46-Maharashtra-government-has-plans State of flux: Maharashtra government has plans to redevelop Dharavi, one of the world’s largest slums.

It is 9pm on a weekday. Around 10 women in their 50s and 60s, all seated cross-legged in a single row on the floor, are still at work, going through plastic waste inside a recycling unit in Dharavi, one of the world’s largest slums. They are immersed in the task; they don’t even smile much or make small talk.

“We are here from 9am to 10pm daily,” says 53-year old Laxmi Rahulkar, who takes a short break to talk to us. Most women who work in Dharavi live there, but a few like Rahulkar commute long distances. Rahulkar comes from Diva, travelling 40km one way, to earn Rs300 for a 12-hour shift.

“We pay Rs500,” contests the owner, Farid Khan, who sits outside the unit on a plastic chair. The 30-year-old belongs to the third generation of the family that owns the unit. “We do business worth crores a year,” says Khan. “These old women who are past their prime are willing to do this type of job. They need it to survive. It helps us, too.”

47-women-working-at-a-plastic-recycling-factory-in-Dharavi Women working at a plastic recycling factory in Dharavi.

Nothing is wasted in Dharavi; 60 per cent of Mumbai’s waste is recycled here. From car batteries to computer parts, from fluorescent lights to ballpoint pens, Dharavi processes everything. Many of its shacks are busy sorting, sifting, melting and recycling thousands of tonnes of waste generated every day.

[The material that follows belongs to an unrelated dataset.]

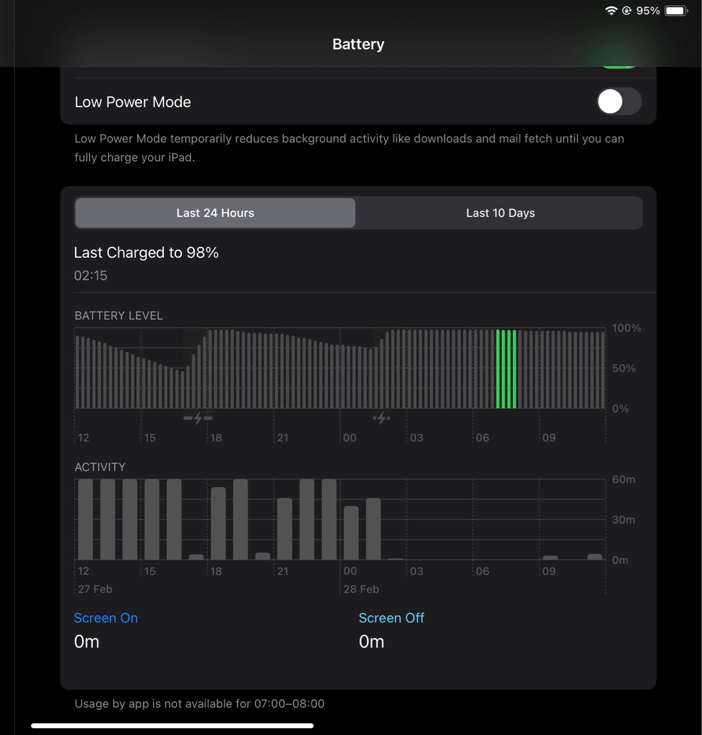 คือเมื่อคืนนี้เราชาร์จไอเเพดไว้เสร็จตอนประมาณ ตี 1:18 สรุปว่าตื่นเช้ามาจากเเบต 98 เปอ เหลือ 96 ทั้งๆที่ยังไม่ได้ใช้งานมาก่อน เเบตไม่ได้เสื่อม ก่อนหน้านี้ก็ไม่เคยเป็นเเบบนี้ เลยอยากทราบว่ามีใครเป็นเหมือนกันมั้ยคะ อยากรู้ว่ามันต้องเเก้ยังไง เราไม่ได้เปิด บลูทูธ เปิดเเสง เปิดการเเจ้งเตือนค้างไว้ แล้วก็ปิด Background App Refresh ไปด้วยเเล้วค่ะ เพิ่งซื้อมา 2 เดือนเองด้วย อันนี้ไอเเพดเจน 10 ค่ะ อ๋าเเล้วก็มีข้อมูลเเบตเตอรี่ด้วยค่ะตามภาพเลยว่ามันลดโดยไม่มีสาเหตุจริงๆ

Going deeper into Dharavi’s innermost bylanes might feel like getting pulled into a black hole. A walk through Dharavi is a humbling experience―a stark reminder of the juxtaposition of poverty and industriousness coexisting in a limited space of a little over 2.3 square kilometres, shared by over a million inhabitants.

The sheer scale of the number of people living in Dharavi has created a market which runs on the entrepreneurial spirit of its people. It drives diverse manufacturing industries such as leather, pottery, garments, food production and printing.

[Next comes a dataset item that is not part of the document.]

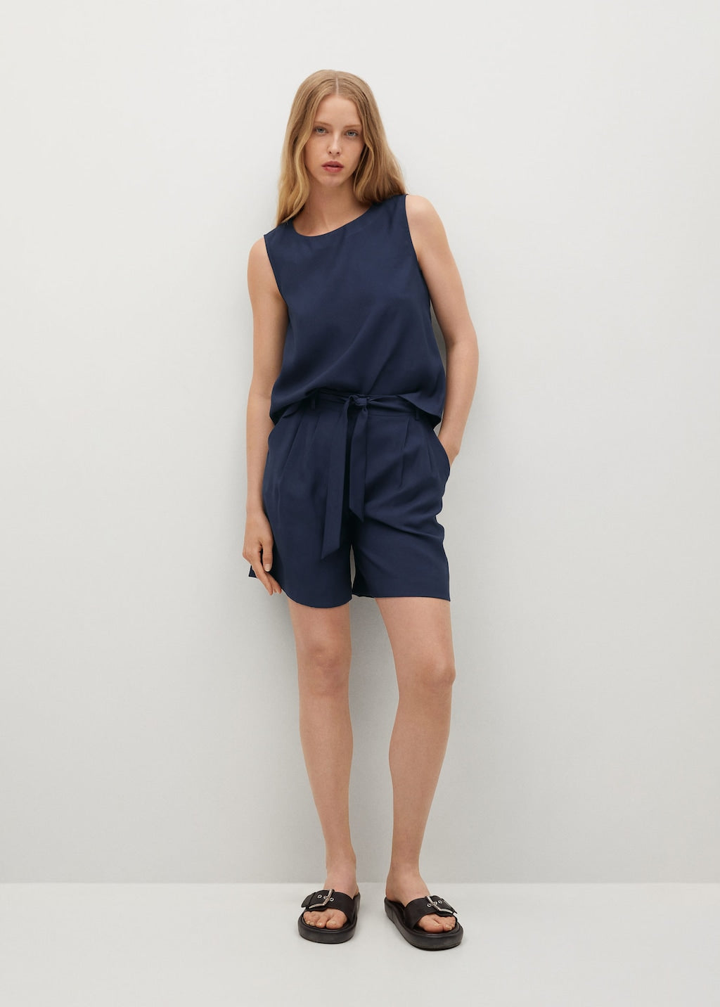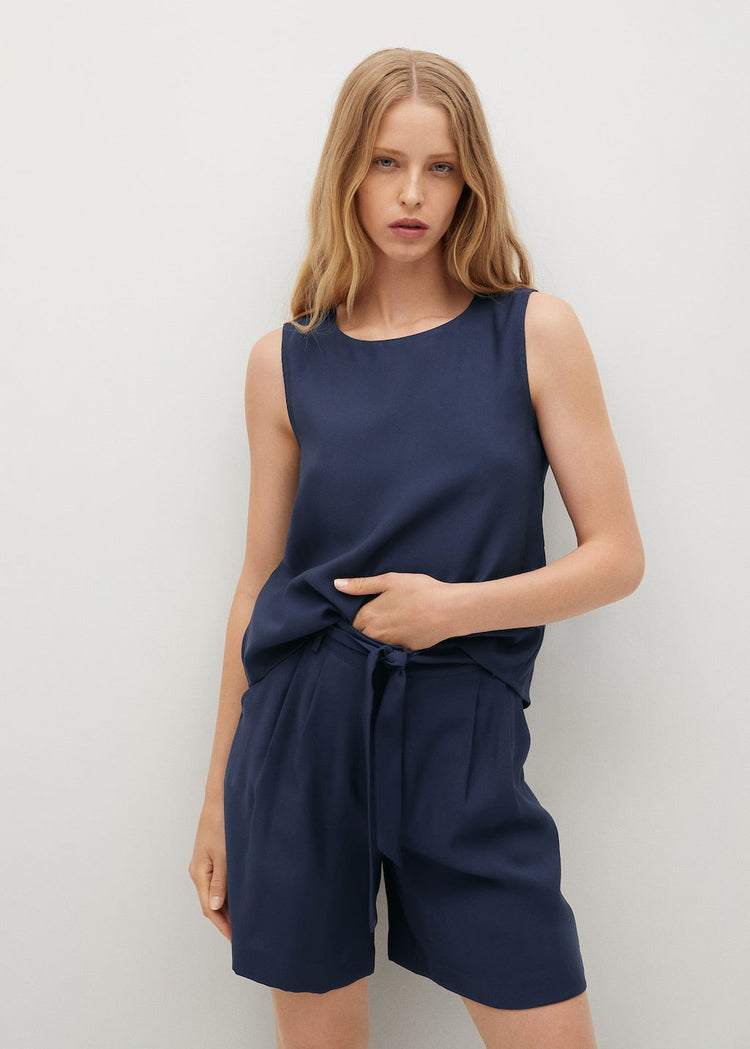Flowy fabric. Straight design. Rounded neck. Sleeveless. Teardrop fastening at back.

48-A-schoolgirl-walks-past-a-workshop-in-Dharavi Moulding life: A schoolgirl walks past a workshop in Dharavi.

Dharavi, however, is in a state of flux. After Adani Properties has been awarded the right to redevelop the slum, many residents are worried about their future. On December 16, several thousand protesters marched to the Adani group offices in Mumbai, raising questions about the Rs23,000 crore redevelopment project.

People are concerned that they could be thrown out of the prime property. “Whatever plans you have for us, please let us remain here where we have spent our entire lives. We do not want to go anywhere even if it is within a 10km radius of Dharavi,” says Raj Nadar, who owns a small leather shop on the 90 Feet Road inside Dharavi. He says he will rather compromise on the space that will be allotted to him, than move out of Dharavi altogether. “This shop was started in 1994 and continues to this day. We have a dedicated clientele and we earn handsomely,” says Nadar.

Khan says Dharavi will continue to flourish only if the residents are allowed to stay. “Otherwise, the slum will die a silent death. All our workers are from here. We are a self-sufficient community. While we do not mind redevelopment, it should not be at the cost of our livelihood,” he says.

48-a-leather-goods-manufacturing-unit A leather goods manufacturing unit.

The workers are unhappy. “Where else will we get the convenience of being able to work and stay at the same place?” asks Rajul Bhai, who operates a printing press in his one-room shack which doubles up as his home. “We are not greedy, we are not asking for thousand-square-foot space. Our only demand is not to evict us from this place,” he says.

In a paper titled ‘Dharavi Redevelopment Plan: Contested Architecture and Urbanism’, Vandana Baweja from the University of Florida says that the redevelopment project reduces slum rehabilitation to a simplistic problem of numbers. “There is no safety net in the Dharavi Redevelopment Project that ensures the residents that they will be able to continue their vocation in the same way as they have in Dharavi for several generations.”

At a recent news conference organised by the Dharavi Redevelopment Committee, the one sentiment that was expressed widely was to allow the existing tenants to keep their holdings. Many attendees, meanwhile, felt that the project would remain on paper as of now and could take several years to be finalised. “There is no point thinking about it now,” says the owner of a leather manufacturing unit.

Former Maharashtra chief minister Uddhav Thackeray, who heads a faction of the Shiv Sena, plans to lead a protest march against the alleged favouritism shown towards the Adani group. “In the middle of all these, it is us, the residents, who will suffer. The redevelopment project will never take off and we will continue to live in misery. We need clean water, a good house and a decent place to work,” says Nadar.

Rahulkar agrees with him. “If we are plucked out of here, I do not know how to survive. Because here, inside the community, people know us and give us some work so that we can fend for ourselves,” she says. “Will this be possible otherwise? I don’t think so.”